**Task brief**
Return only the lines below starting at the line containing "随后辅导员史志军老师为同学们" and ending at the line containing "Osim rješenja segmentnog", both included, exactly as they are and with no pictures.

**Dataset content**
* * * * *

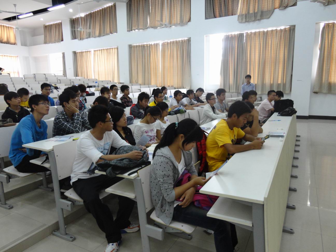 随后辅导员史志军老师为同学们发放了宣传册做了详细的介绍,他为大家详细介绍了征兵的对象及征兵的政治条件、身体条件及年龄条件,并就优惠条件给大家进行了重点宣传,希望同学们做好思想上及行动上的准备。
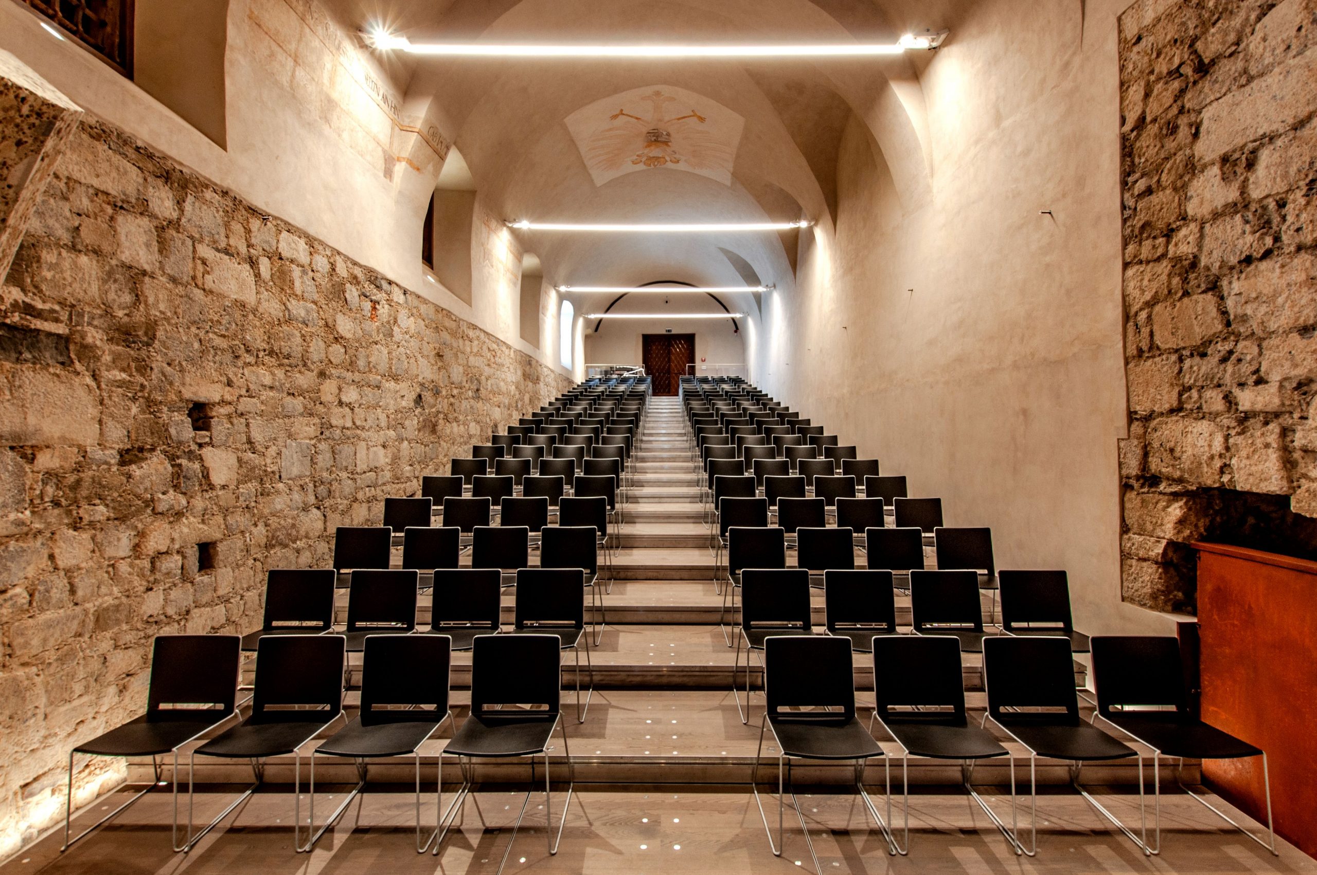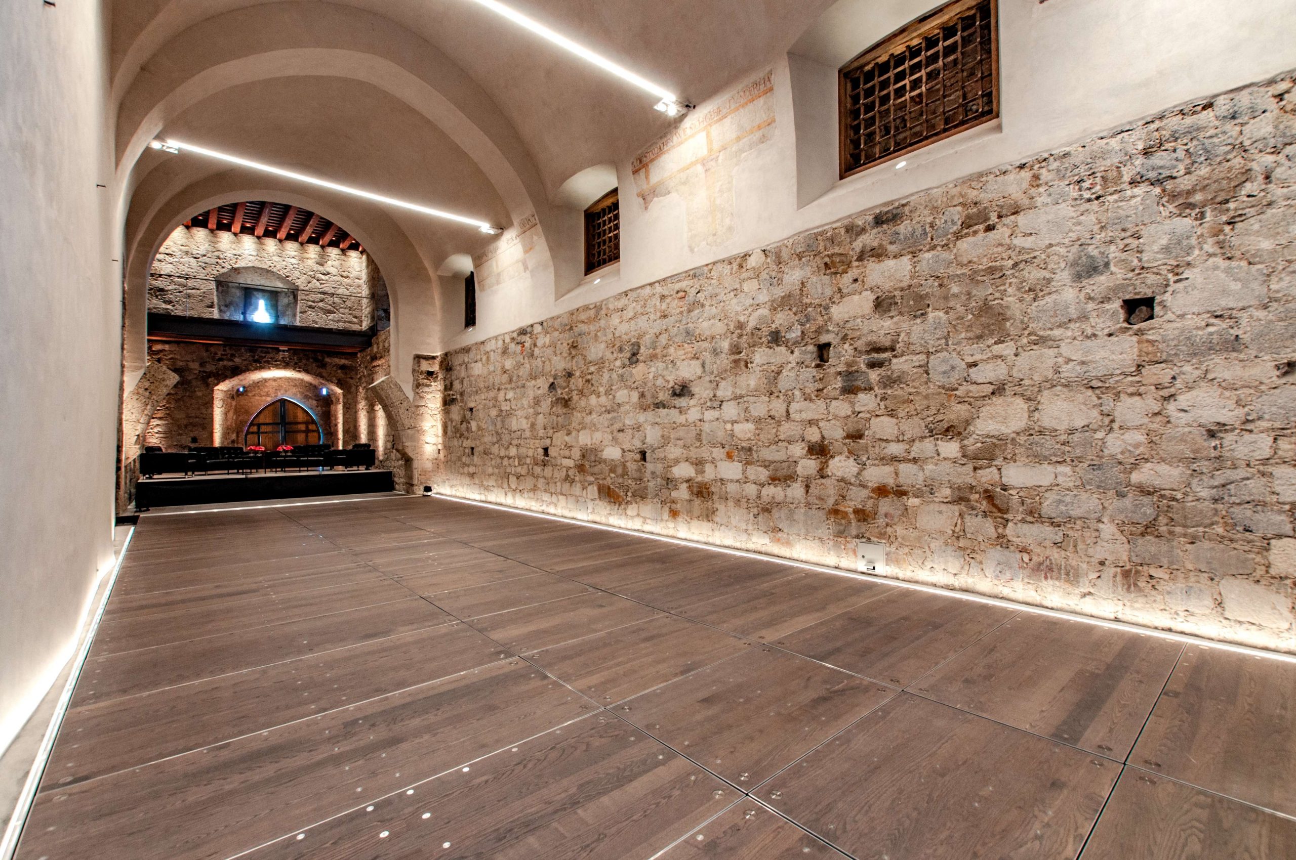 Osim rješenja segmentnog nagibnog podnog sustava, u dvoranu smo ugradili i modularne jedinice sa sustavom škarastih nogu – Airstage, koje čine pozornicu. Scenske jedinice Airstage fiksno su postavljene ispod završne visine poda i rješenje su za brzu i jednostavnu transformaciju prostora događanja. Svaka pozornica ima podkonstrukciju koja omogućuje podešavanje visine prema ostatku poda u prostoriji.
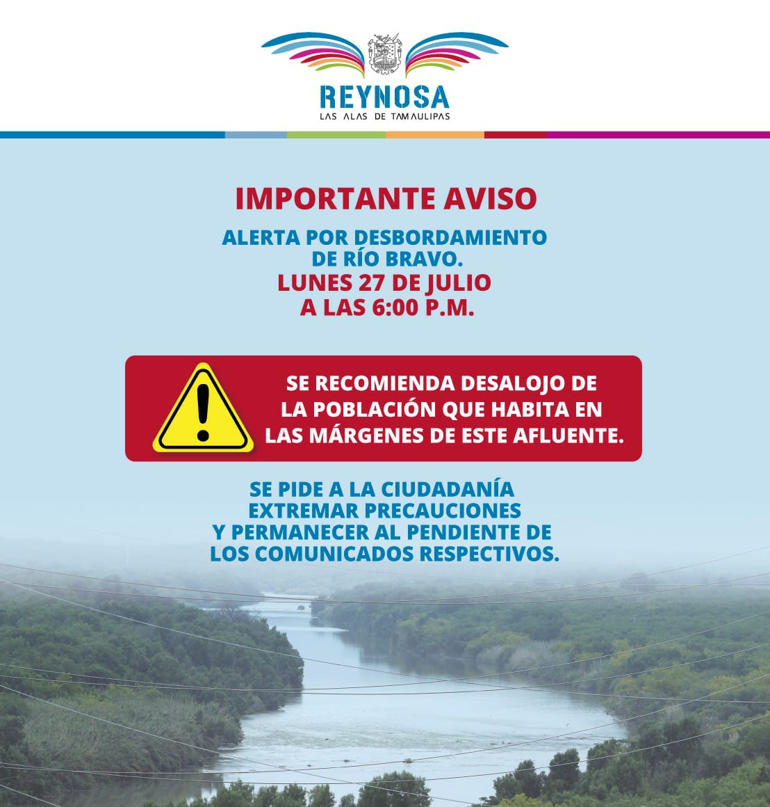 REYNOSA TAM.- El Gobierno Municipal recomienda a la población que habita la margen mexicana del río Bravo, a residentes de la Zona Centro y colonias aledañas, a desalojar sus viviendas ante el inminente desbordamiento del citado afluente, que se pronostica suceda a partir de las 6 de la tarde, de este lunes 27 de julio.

* * * * *

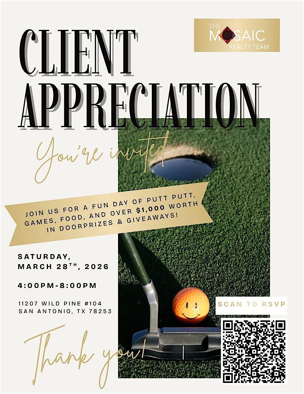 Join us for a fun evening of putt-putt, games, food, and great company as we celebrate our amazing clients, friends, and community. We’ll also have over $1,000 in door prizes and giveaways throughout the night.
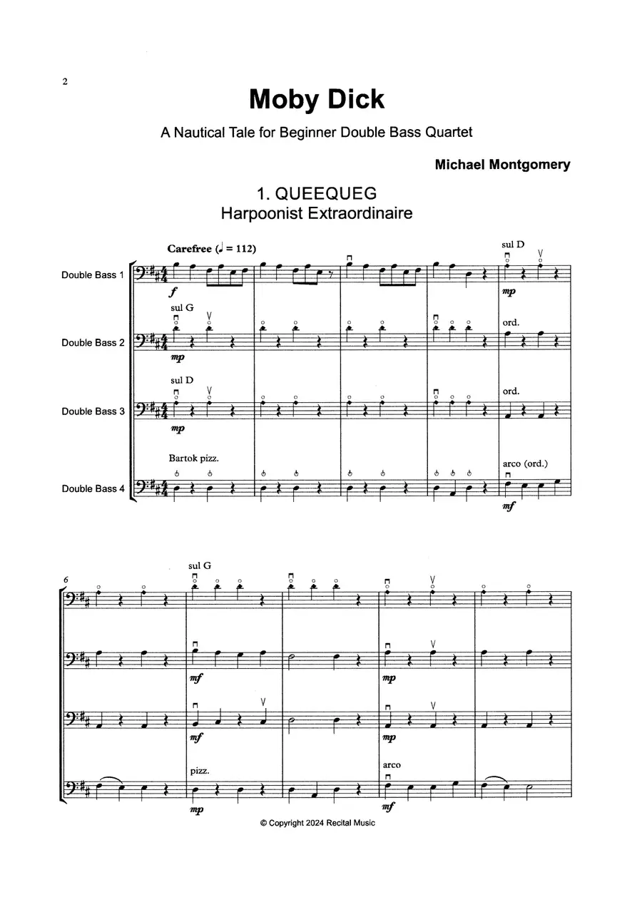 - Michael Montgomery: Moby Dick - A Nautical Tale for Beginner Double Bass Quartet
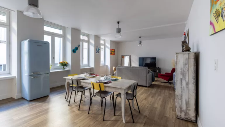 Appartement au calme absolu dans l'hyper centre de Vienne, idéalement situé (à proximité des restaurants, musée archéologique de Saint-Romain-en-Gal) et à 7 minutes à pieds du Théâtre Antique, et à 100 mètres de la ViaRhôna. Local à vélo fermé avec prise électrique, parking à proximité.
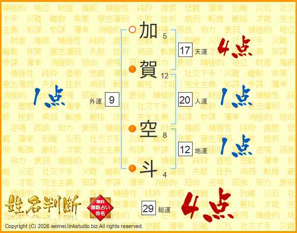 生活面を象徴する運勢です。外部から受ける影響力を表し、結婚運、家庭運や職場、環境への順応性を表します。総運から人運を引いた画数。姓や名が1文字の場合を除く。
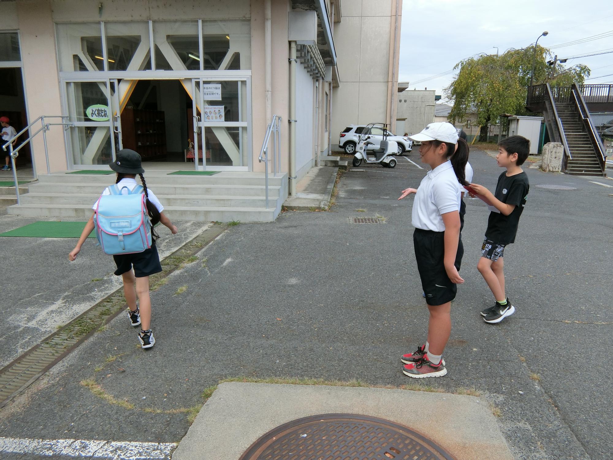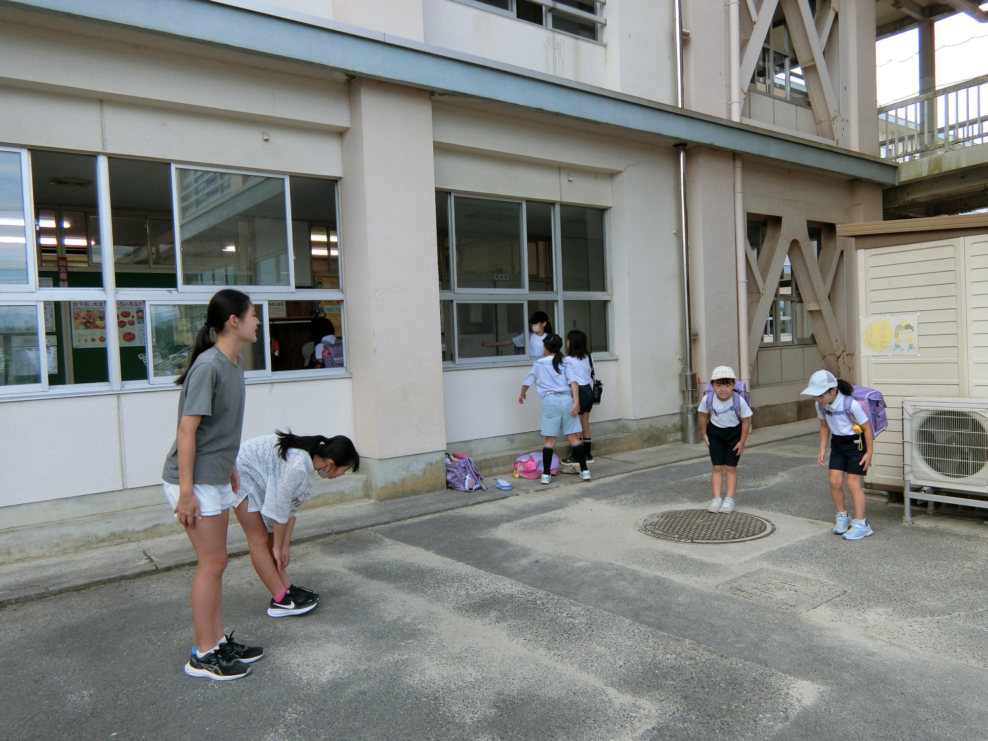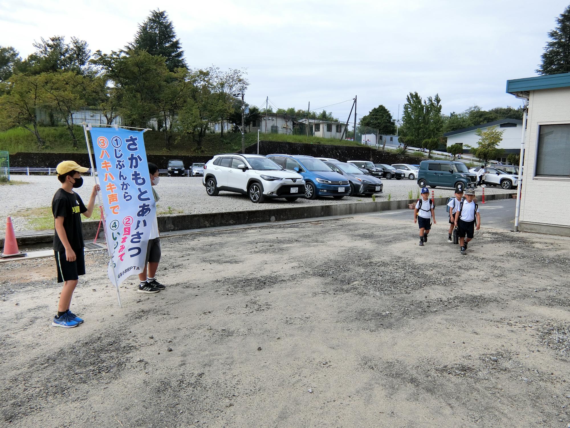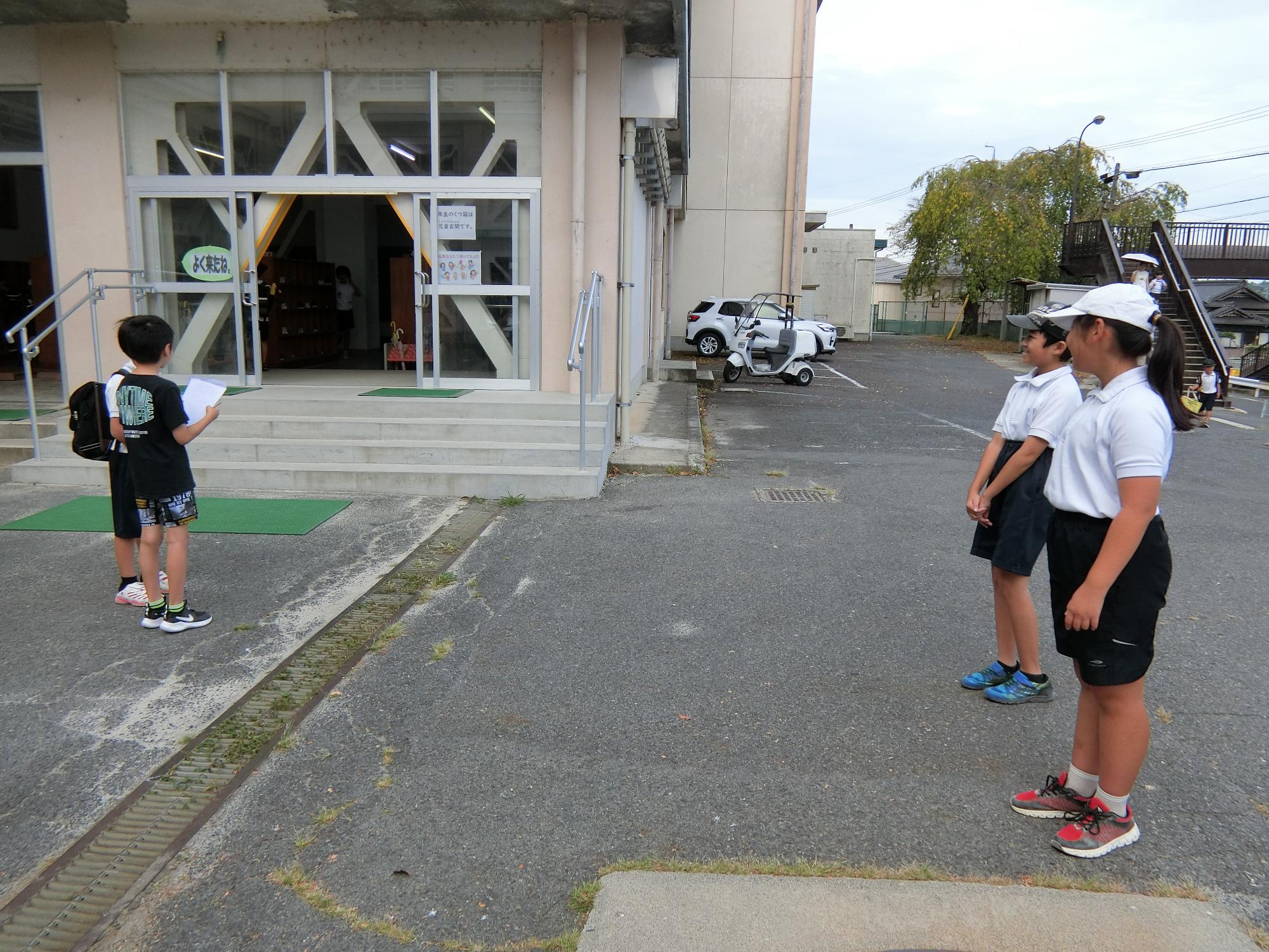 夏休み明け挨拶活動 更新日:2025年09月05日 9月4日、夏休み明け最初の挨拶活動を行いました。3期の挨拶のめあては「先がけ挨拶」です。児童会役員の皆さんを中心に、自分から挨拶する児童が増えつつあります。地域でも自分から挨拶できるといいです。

* * * * *

**Worked solution**
 随后辅导员史志军老师为同学们发放了宣传册做了详细的介绍,他为大家详细介绍了征兵的对象及征兵的政治条件、身体条件及年龄条件,并就优惠条件给大家进行了重点宣传,希望同学们做好思想上及行动上的准备。
 Osim rješenja segmentnog nagibnog podnog sustava, u dvoranu smo ugradili i modularne jedinice sa sustavom škarastih nogu – Airstage, koje čine pozornicu. Scenske jedinice Airstage fiksno su postavljene ispod završne visine poda i rješenje su za brzu i jednostavnu transformaciju prostora događanja. Svaka pozornica ima podkonstrukciju koja omogućuje podešavanje visine prema ostatku poda u prostoriji.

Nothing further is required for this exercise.